This was a little odd – I didn’t expect C to go down very much. It’s worth noting, however, that $C$ and $a$ are very closely related in this data set. If I fix $a$ at 951, $C$ goes up to 493.3, and boosting $a$ to 951.5 pushes $C$ up to 507.8. Doing so increases the residuals slightly though, bumping a few up to 0.006% (whereas they all remain smaller than 0.004% with the earlier fit). It’s hard to say if this is actually worse though due to the in-game rounding of avoidance to two decimal places. If our model predicts 2.043 when the game calculates 2.045 (rounded to 2.05), the error we see will be 2.05-2.043=0.007 when we were actually only off by 0.002. On the other hand, if our model were perfect, it would never have errors larger than 0.004%.

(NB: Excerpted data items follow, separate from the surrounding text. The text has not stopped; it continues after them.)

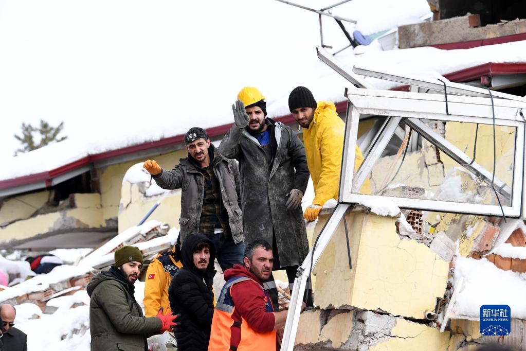 2月7日,人们在土耳其卡赫拉曼马拉什省的埃尔比斯坦地区展开救援工作。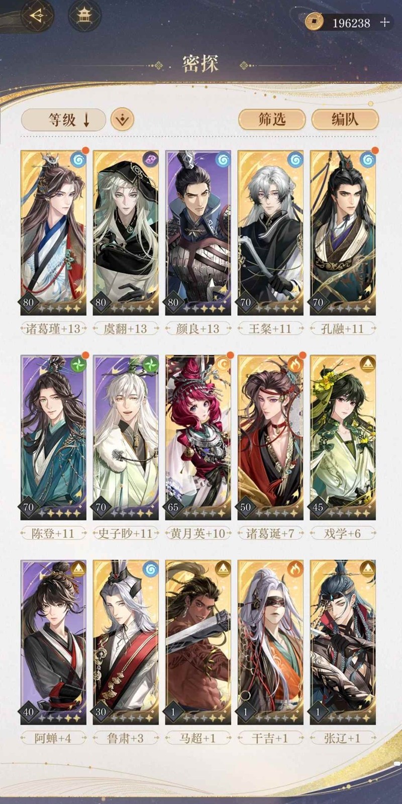 4.密探集中养成,不要抽一个养一个,先确保有一队主力通关主线,再根据高难关卡对应拉人。优先给主c升级,其次是升级收益大的,漆园蝶也是同理。举个例子,主c的攻击蝶要优先点满,但是生命蝶第一分配给颜良。为什么?因为颜良每10滴血量就是全队的1点盾,加上修为星石等等,再搭配孔融的话,可以说颜良的练度等于全队的生存,而给主c喂生命只能保住自己,但不是说不用点,等真正卡关缺生命的时候,再点上去。再比如王粲和孔融都是奶,在站得住的情况下优先升王粲,因为孔融奶量与自身练度无关,但王粲攻击越高盾奶越高。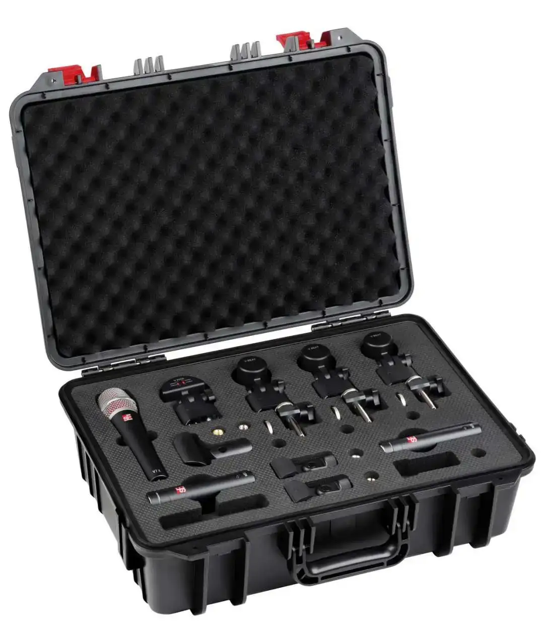 The V PACK ARENA 套装包含:1 支 V KICK 用于底鼓,3 支 V BEAT 和 3 个 V CLAMP 用于通鼓,1 支 V7 X 用于军鼓,外加一对 sE8 电容麦克风作为overheads。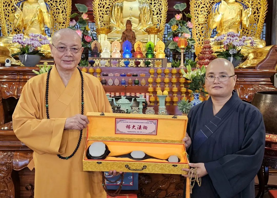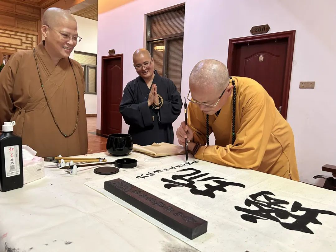 净耀法师表示,大陆和台湾虽相隔两岸,但同根同源,佛教界法脉相连,法谊坚固。

I can actually include the rounding in the fitting, but not very well. It ends up giving the fitting algorithm conniptions, because it can’t figure out whether small variations show any improvement (due to the rounding), and thus has trouble determining which direction to search. However, working by hand I did find that $a=951.2$ and $C=505$ gave me a pretty good result, with only one data point being off by 0.01% after rounding. That held for a small range of $C$ values in that vicinity though (roughly 504.5-508), and I was never able to get all of the data points to agree.

Conclusions from the level 90 data:

  1. $k=1.422$, as before
  2. The agility-to-dodge conversion factor is around 951-951.5, very similar to a paladin’s strength-to-parry conversion factor.
  3. $C_d$ is tougher to nail down until we know $a$ accurately, or have more data. It still looks like 505 is a reasonable estimate, but it could be anywhere from 460 to 520.
  4. $C_p$ is probably 91, though again it could be +/-7 or so.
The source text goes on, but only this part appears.